Россия 1917 года в эго-документах - Коллектив авторов
Шрифт:
Интервал:
Закладка:
[***]
…Большевики освободили Колышко (543), который был арестован по подозрению в шпионаже для
немцев. Это тот самый «публицист», кот[орый] в дореволюционное время, работал под разными
псевдонимами и в черносотенных и либеральных газетах. Был protégé [1969] кн[язя]
Мещерского (544), знаменитого в своем роде издателя «Гражданина»… (545) Какие «типы»

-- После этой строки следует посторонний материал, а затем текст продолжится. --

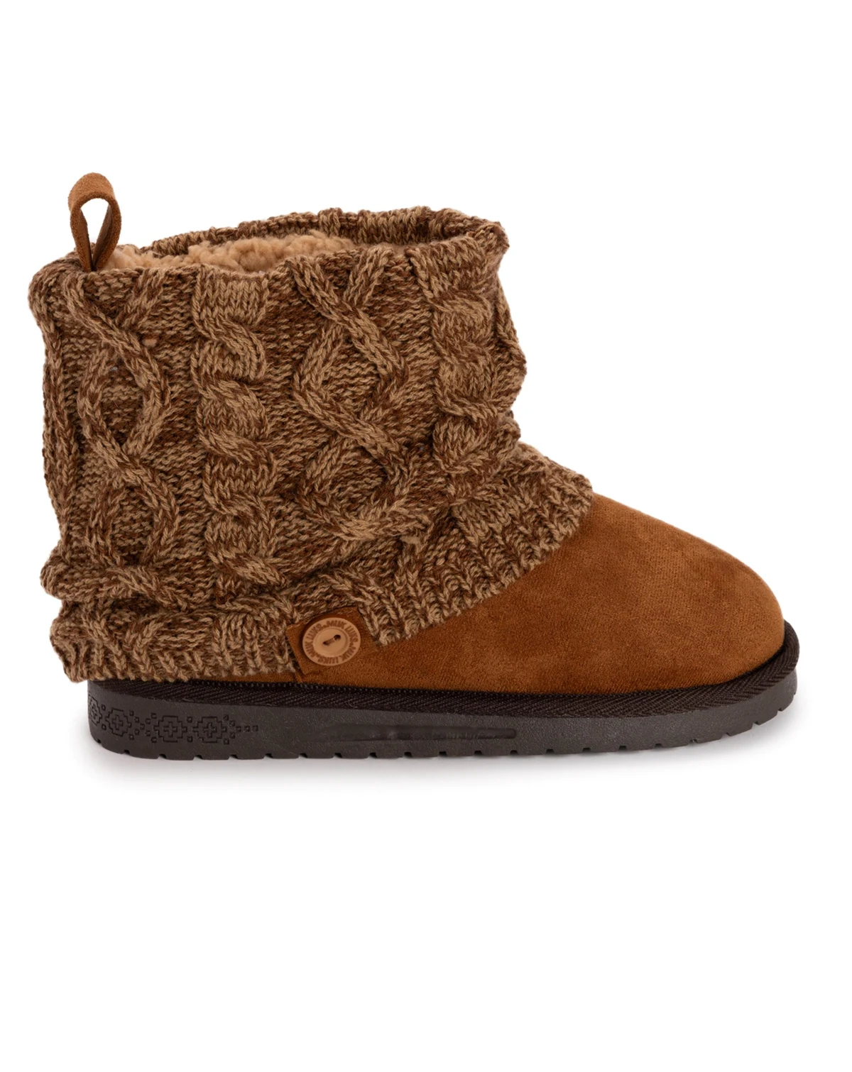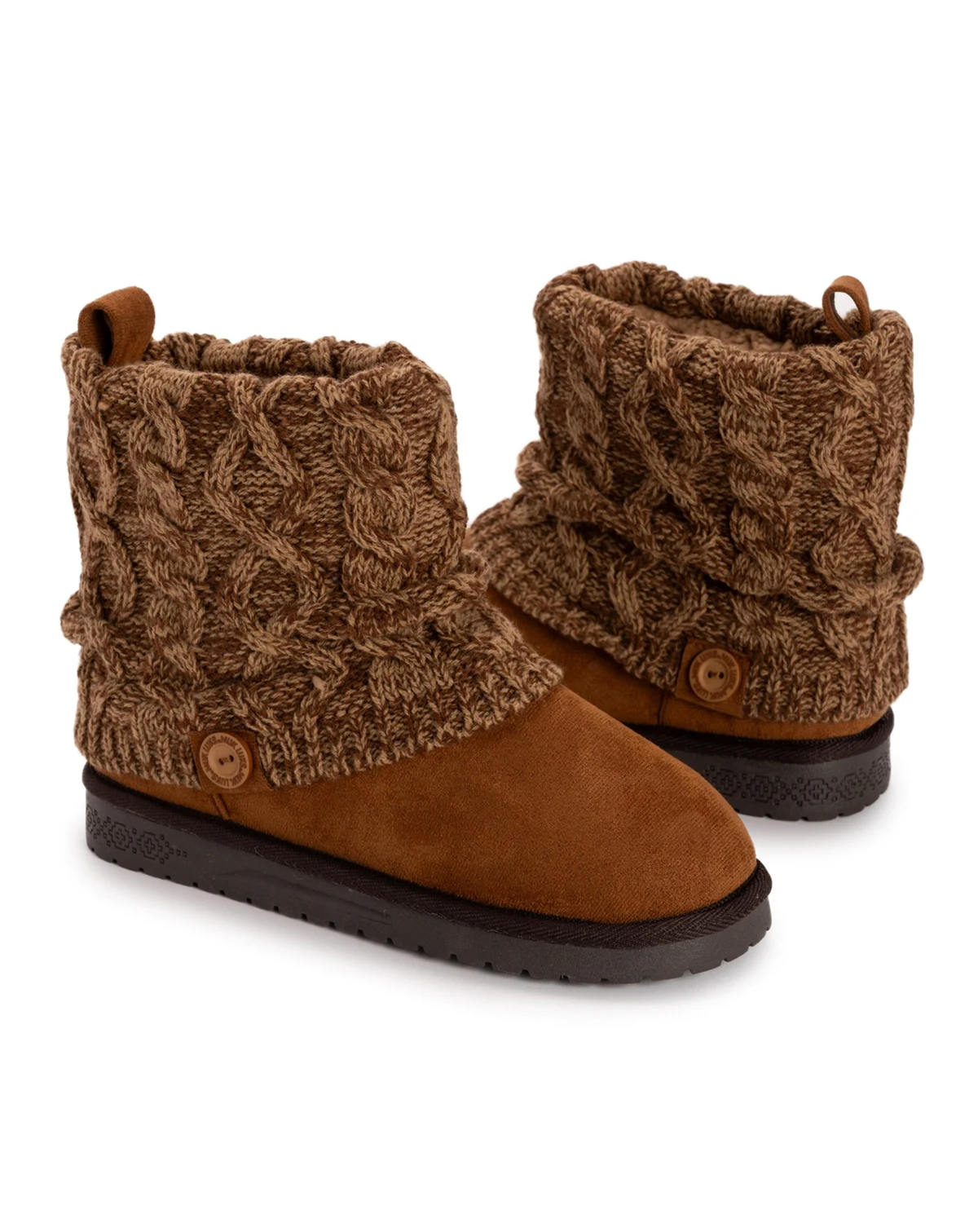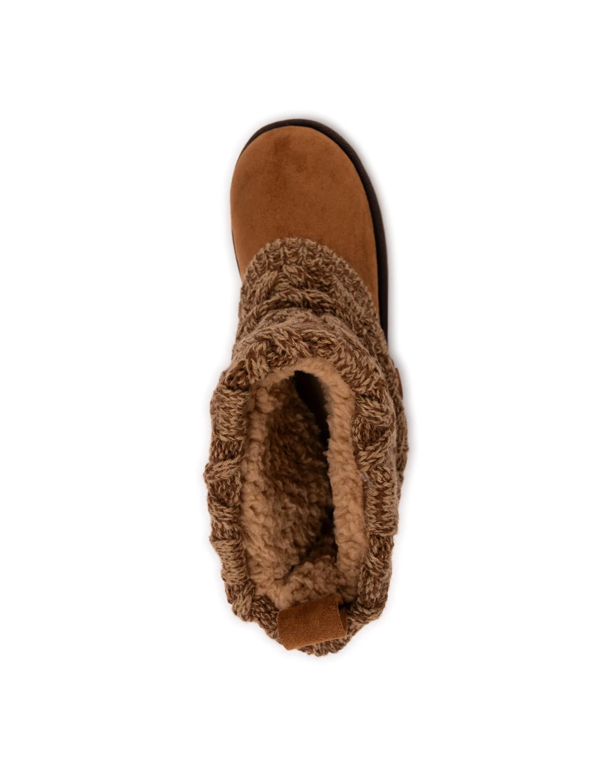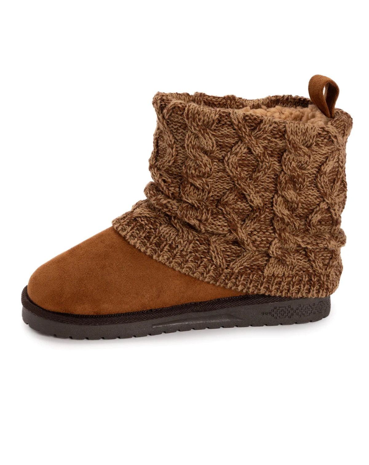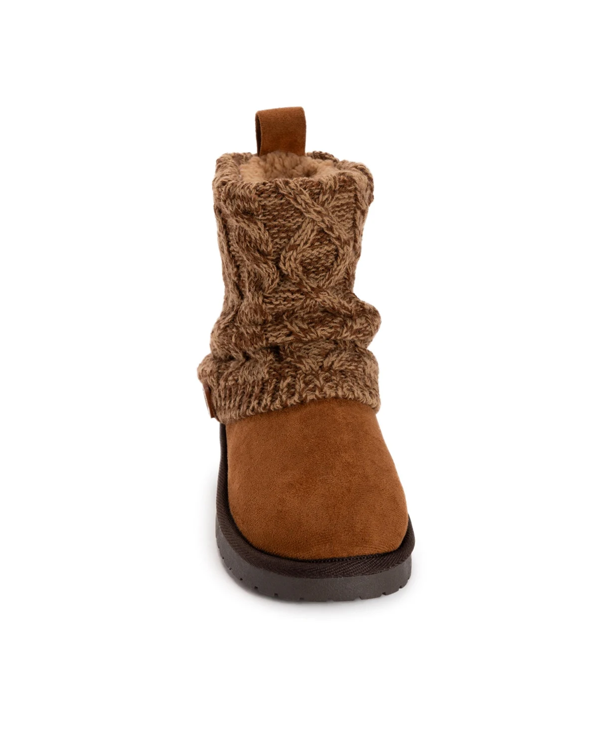 Tackle cold weather this season with Essentials by Muk Luks Women's Laurel Boots. A classic ankle bootie with a decorative knit overlay and pull-on tab lets you slip into the plush comfort of these casual booties with ease.

выплывают! «Натуральные» герои смутного и мутного времени… Еще не то увидим. Это только
цветочки, ягодки – впереди.
[***]
Большевики произвели обыск у патриарха Тихона и во время этой процедуры бойко называли его:
«товарищ-патриарх». Нестерпимые болваны. Не верится, что Ленин и Троцкий не понимают, что
так держаться – просто неприлично и глупо. Почему же они не прикажут своим жандармам не
компрометировать славный «режим»?
[***]
Воскресенье, 26 ноября
…Был Ждан-П[ушкин]. Вчера из Ставки. Видел все последние ужасы. Духонин погиб из-за
собственной слабости. Когда в Могилеве стало известно, что туда едет Крыленко со свитой, офицеры, располагавшие 3 ½ тысячами ударников (546), предложили разбить Крыленко вдребезги. Духонин
колебался, говорил, что надо во что бы то ни стало сохранить Ставку, как единственный военно-технический аппарат. Тогда полковник N. просил его согласия на следующую операцию. Офицеры
примут на себя весь риск боя, ставка будет ни причем, но, чтобы после Духонин засвидетельствовал, что участвовавшие в деле [1970] не контрреволюционеры. Духонин и на это предложение не дал
решительного согласия. Тогда ударники свернулись и ушли на юг. Духонина погубило то, что он
поверил подложной телеграмме о согласии Италии на сепаратный мир России с Германией и объявил
об этом в армейском комитете. Когда, на следующий день, ему пришлось в том же комитете
объяснять, что телеграмма эта – злостная провокация – он потерял всякий авторитет. Затем в Могилев
прибыл Крыленко в сопровождении 3000 совершенно оголтелых матросов и ужасное дело
совершилось. Крыленко, перепуганный «увещевал» матросов: – Я его (Духонина) сейчас разжалую.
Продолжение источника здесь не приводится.